DATA PROVIDED START

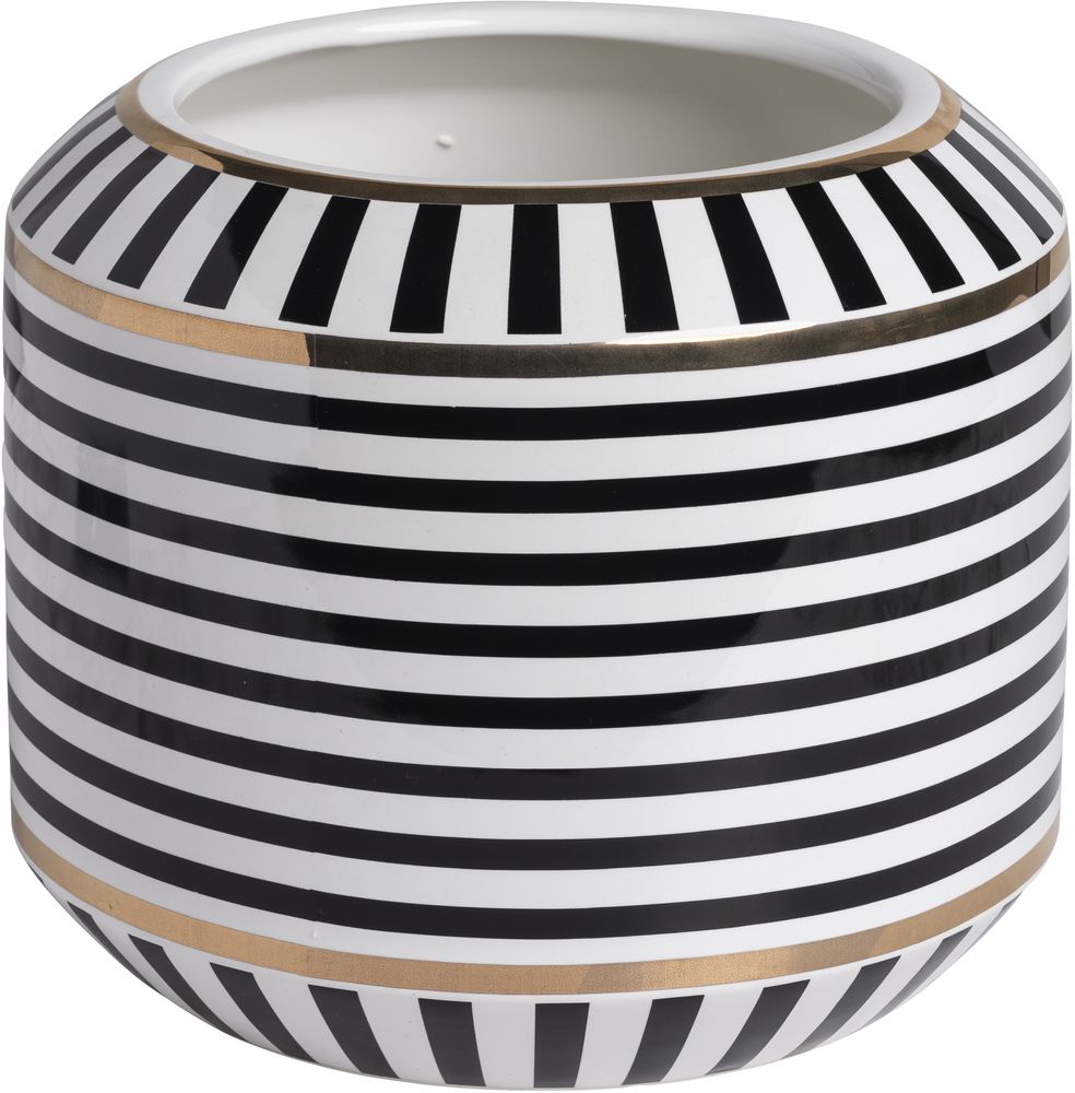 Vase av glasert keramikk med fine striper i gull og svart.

DATA PROVIDED END
DATA PROVIDED START

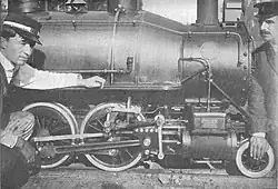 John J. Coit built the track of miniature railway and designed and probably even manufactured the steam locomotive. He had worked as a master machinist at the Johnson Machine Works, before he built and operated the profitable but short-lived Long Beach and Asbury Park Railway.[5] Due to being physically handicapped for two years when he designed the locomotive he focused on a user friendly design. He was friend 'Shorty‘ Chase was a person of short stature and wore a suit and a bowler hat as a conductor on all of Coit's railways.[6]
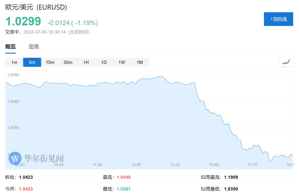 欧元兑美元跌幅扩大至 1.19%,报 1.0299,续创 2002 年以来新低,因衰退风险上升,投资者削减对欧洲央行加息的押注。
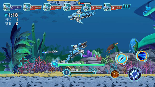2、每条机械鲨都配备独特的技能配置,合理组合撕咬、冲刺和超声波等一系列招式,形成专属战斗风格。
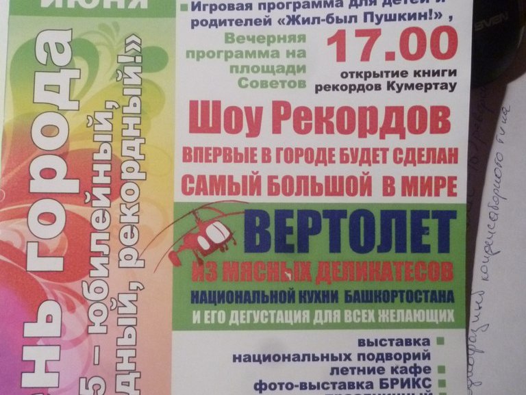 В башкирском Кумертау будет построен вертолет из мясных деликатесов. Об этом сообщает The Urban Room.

DATA PROVIDED END

## ASSIGNED TASK
Copy word for word the lines above, starting at the line containing "2、每条机械鲨都配备独特的技" and ending at the line containing "В башкирском Кумертау", inclusive, with no pictures.

## YOUR SOLUTION
2、每条机械鲨都配备独特的技能配置,合理组合撕咬、冲刺和超声波等一系列招式,形成专属战斗风格。
 В башкирском Кумертау будет построен вертолет из мясных деликатесов. Об этом сообщает The Urban Room.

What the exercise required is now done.